Personal information
- Date of birth: 1 February 2006 (age 20)
- Place of birth: Casnate con Bernate, Italy
- Position: Central midfielder

Team information
- Current team: Catanzaro (on loan from Bologna)
- Number: 21

Youth career
- Atalanta

Senior career*
- Years: Team / Apps / (Gls)
- 2024–2026: Atalanta U23 / 49 / (3)
- 2024–2026: Atalanta / 2 / (0)
- 2026–: Bologna / 0 / (0)
- 2026–: → Catanzaro (loan) / 0 / (0)

= Federico Cassa =

Italian footballer (born 2006)

Federico Cassa (born 1 February 2006) is an Italian professional footballer who plays as a central midfielder for club Catanzaro, on loan from Bologna.

==Club career==
Cassa was raised in the Atalanta youth system.
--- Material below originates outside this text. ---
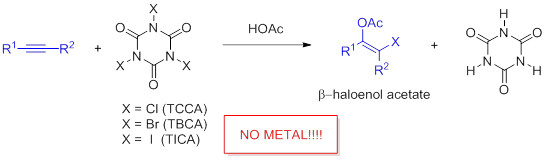 17. Reaction of trihaloisocyanuric acids with alkynes: an efficient methodology for preparation of β-haloenol acetates (KL-10211OP)
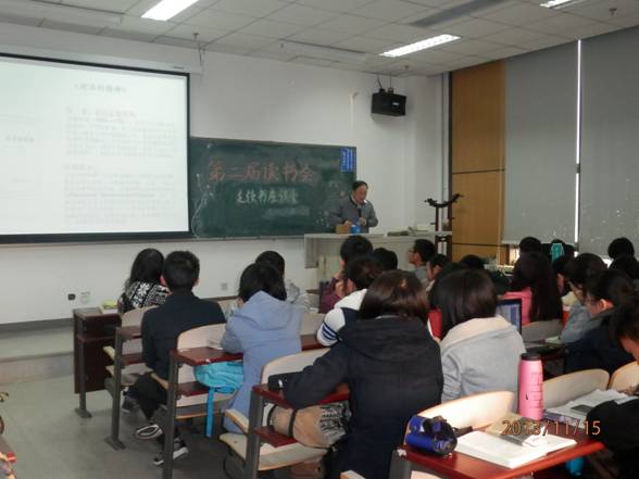 随后,胡晓珂副教授还向同学们大致地介绍了自己的读书经历,通过PPT的形式详细地向大家介绍了《论法的精神》、《正义论》、《法律哲学与法律方法》、《法律的故事》、《西窗法雨》、《法律思维与民法实例:请求权基础理论体系》、《英美法讲座》、《通往奴役之路》、《乡土中国生育制度 乡土重建》、《近距离看美国》、《一个村庄里的中国》、《思想国》、《政法笔记》等书,并推荐同学们在本科期间多阅读这类书籍,提升自我法律修养。

He made his professional debut for their reserve squad Atalanta U23 in a Serie C game against Arzignano on 28 April 2024.

Cassa was first called up to Atalanta's senior squad for the 2024 UEFA Super Cup game on 14 August 2024, against Real Madrid, remaining on the bench in the game.

He made his senior Atalanta debut five days later in a Serie A game against Lecce; he was substituted on for Mateo Retegui in the 83rd minute of Atalanta's 4–0 victory.

On 1 September 2026, Cassa was transferred to fellow Serie A club Bologna. Immediately after, he would be loaned to Serie B club Catanzaro for the 2026–27 season.